▶ [Provided information]:
────────

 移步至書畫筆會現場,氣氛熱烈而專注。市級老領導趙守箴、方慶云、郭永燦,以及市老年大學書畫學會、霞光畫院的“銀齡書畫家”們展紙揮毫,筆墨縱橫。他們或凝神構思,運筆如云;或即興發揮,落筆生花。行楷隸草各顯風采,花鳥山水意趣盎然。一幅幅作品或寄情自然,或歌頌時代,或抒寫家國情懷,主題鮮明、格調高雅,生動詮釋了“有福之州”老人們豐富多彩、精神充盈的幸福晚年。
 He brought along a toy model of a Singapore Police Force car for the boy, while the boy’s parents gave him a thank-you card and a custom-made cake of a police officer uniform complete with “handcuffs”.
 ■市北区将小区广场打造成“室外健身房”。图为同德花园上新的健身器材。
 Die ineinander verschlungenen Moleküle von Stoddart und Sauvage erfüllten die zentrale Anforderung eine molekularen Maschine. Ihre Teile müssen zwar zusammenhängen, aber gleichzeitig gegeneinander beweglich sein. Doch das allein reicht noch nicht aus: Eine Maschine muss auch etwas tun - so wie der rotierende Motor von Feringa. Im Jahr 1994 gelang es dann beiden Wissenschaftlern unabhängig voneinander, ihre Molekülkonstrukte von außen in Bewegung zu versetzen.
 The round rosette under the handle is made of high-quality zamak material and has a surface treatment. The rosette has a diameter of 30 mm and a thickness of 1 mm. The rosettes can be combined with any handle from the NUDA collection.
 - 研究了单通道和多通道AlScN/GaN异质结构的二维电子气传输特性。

────────

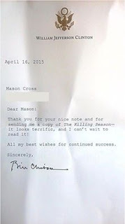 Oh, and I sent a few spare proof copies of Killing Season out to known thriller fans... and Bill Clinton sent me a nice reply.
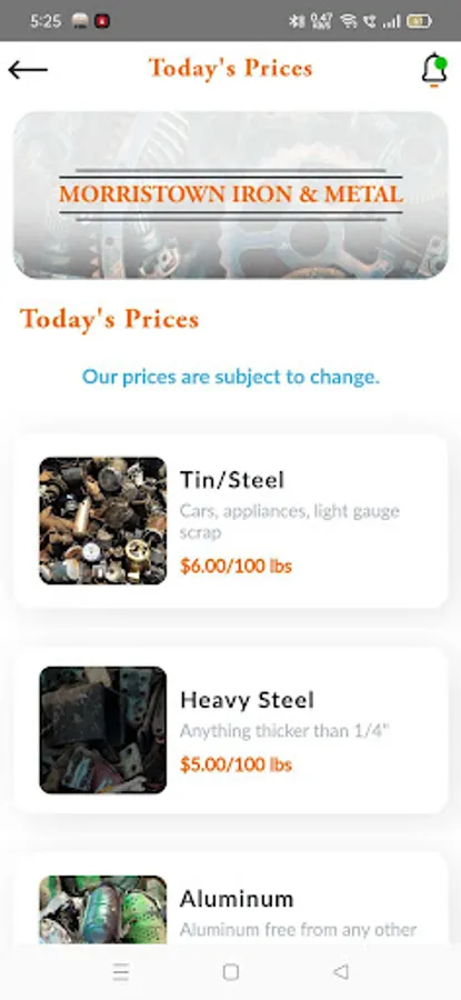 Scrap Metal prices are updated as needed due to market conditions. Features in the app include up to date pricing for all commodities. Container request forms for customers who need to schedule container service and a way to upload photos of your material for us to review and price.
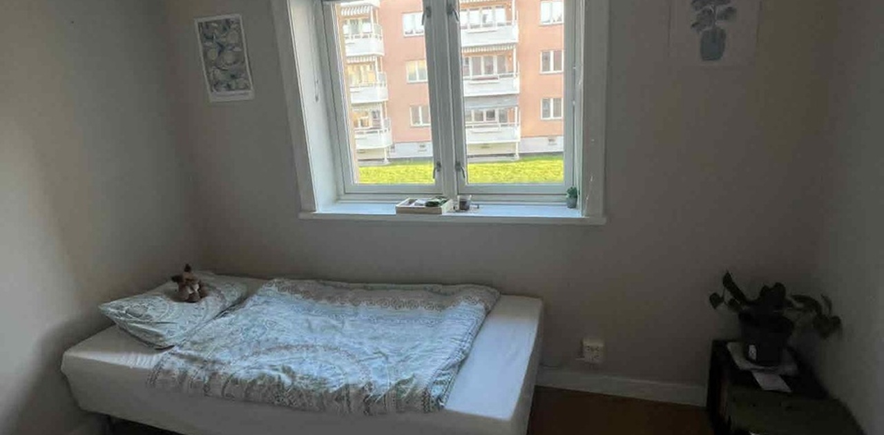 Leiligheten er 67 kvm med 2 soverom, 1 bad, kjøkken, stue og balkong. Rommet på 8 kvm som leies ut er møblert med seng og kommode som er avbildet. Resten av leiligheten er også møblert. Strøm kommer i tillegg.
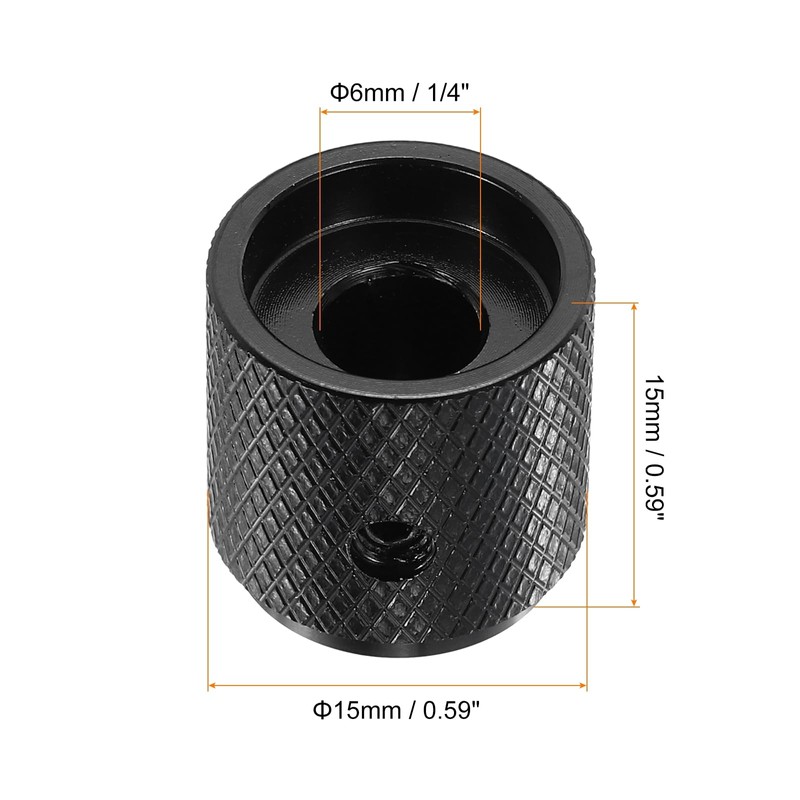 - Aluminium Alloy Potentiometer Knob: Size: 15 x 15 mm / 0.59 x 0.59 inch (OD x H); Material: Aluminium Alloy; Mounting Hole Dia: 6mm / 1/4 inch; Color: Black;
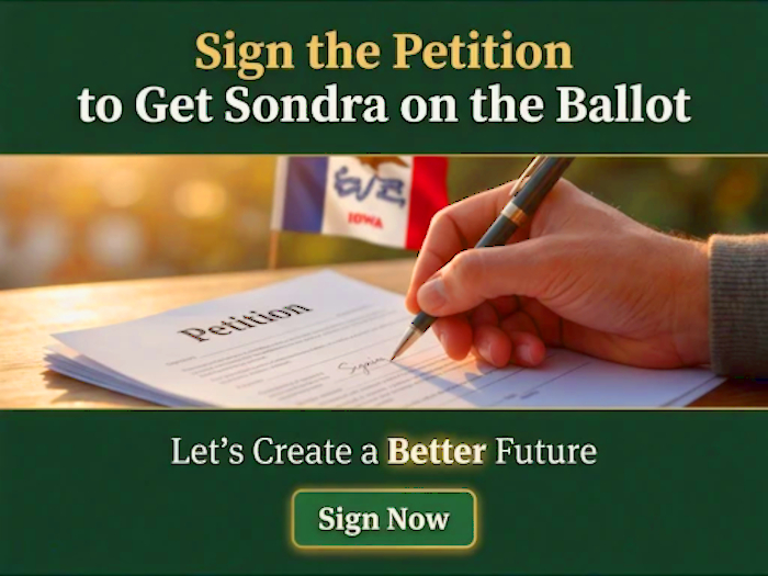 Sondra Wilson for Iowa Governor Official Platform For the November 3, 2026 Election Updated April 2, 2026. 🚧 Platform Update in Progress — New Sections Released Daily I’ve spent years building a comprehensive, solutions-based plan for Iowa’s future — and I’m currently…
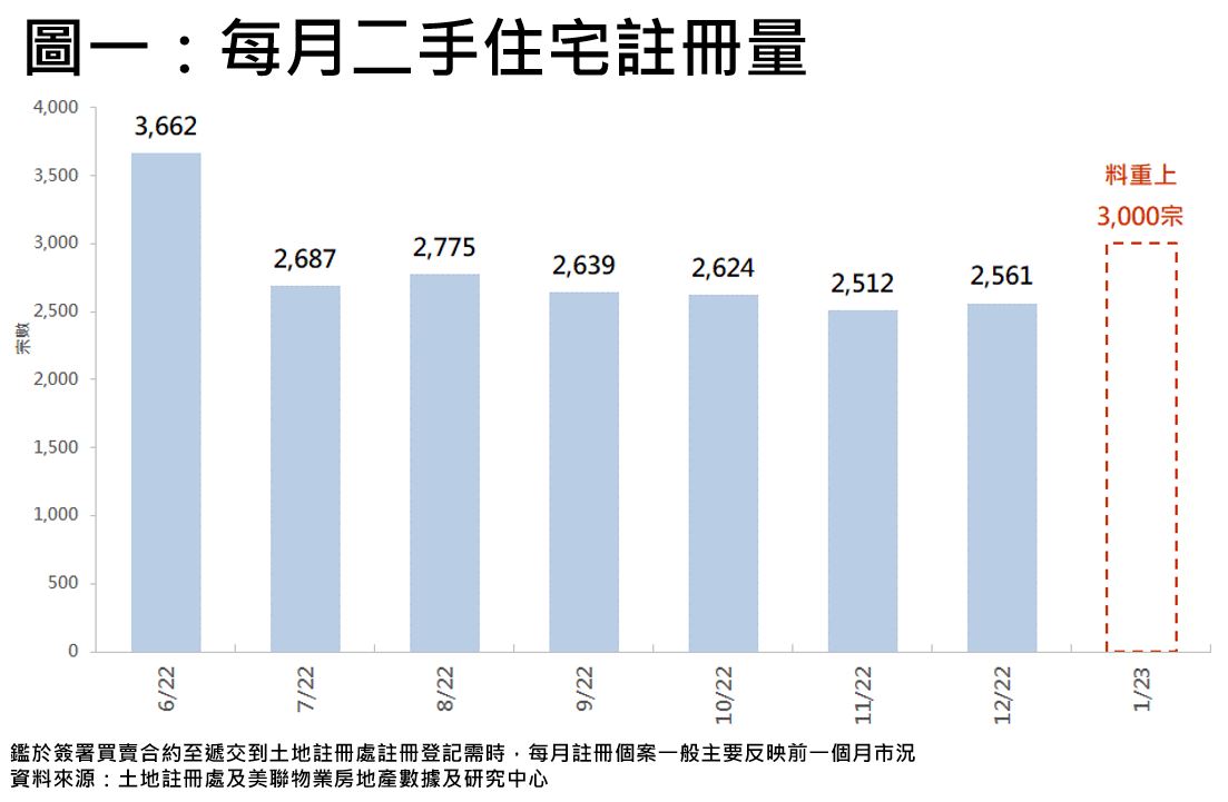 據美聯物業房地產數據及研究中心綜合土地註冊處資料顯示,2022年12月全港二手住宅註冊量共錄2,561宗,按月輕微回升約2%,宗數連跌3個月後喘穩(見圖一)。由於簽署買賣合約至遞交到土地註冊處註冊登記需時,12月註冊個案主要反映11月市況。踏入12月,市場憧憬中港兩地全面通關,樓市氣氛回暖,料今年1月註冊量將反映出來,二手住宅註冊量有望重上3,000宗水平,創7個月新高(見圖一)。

────────

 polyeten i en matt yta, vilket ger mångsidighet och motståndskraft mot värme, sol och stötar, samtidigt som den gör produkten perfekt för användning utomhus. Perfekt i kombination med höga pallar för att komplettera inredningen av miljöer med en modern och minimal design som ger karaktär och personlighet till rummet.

────────

▶ [Aim of the task]:
Take every line from the data that contains the word "with".

▶ [Exercise solution]:
 He brought along a toy model of a Singapore Police Force car for the boy, while the boy’s parents gave him a thank-you card and a custom-made cake of a police officer uniform complete with “handcuffs”.
 The round rosette under the handle is made of high-quality zamak material and has a surface treatment. The rosette has a diameter of 30 mm and a thickness of 1 mm. The rosettes can be combined with any handle from the NUDA collection.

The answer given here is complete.